The portrait of a doomed man.

Another argument for casting your net widely is that you learn about new and fascinating things that rarely pop up in daily conversation, especially in our cloistered workaday lives. Today by way of a diary entry by Samuel Pepys, the ‘Eikon Basilike’ (full text), the “Royal Portrait”, a purported autobiography by King Charles I published after his regicide following the English Civil War.

I am not so old, as to be weary of life; nor (I hope) so bad, as to be either afraid to die, or ashamed to live: true, I am so afflicted, as might make Me sometime even desire to die; if I did not consider, That it is the greatest glory of a Christians life to die daily, in conquering by a lively faith, and patient hopes of a better life, those partiall and quotidian deaths, which kill us (as it were) by piece-meales, and make us overlive our owne fates; while We are deprived of health, honour, liberty, power, credit, safety, or estate; and those other comforts of dearest relations, which are as the life of our lives.

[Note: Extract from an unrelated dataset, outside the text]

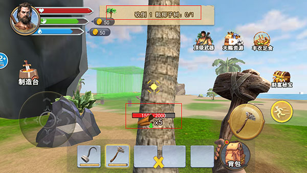 3、荒岛狩猎风险极高,务必打造能抵御野兽与怪物的武器,从而保障在海上得以生存。

Though, as a KING, I think My self to live in nothing temporall so much, as in the love and goodwill of My People; for which, as I have suffered many deaths, so I hope I am not in that point as yet wholly dead: notwithstanding, My Enemies have used all the poyson of falsity and violence of hostility to destroy, first the love and Loyalty, which is in My Subjects; and then all that content of life in Me, which from these I chiefly enjoyed.

Indeed, they have left Me but little of life, and only the husk and shell (as it were) which their further malice and cruelty can take from Me; having bereaved Me of all those worldly comforts, for which life it self seems desirable to men.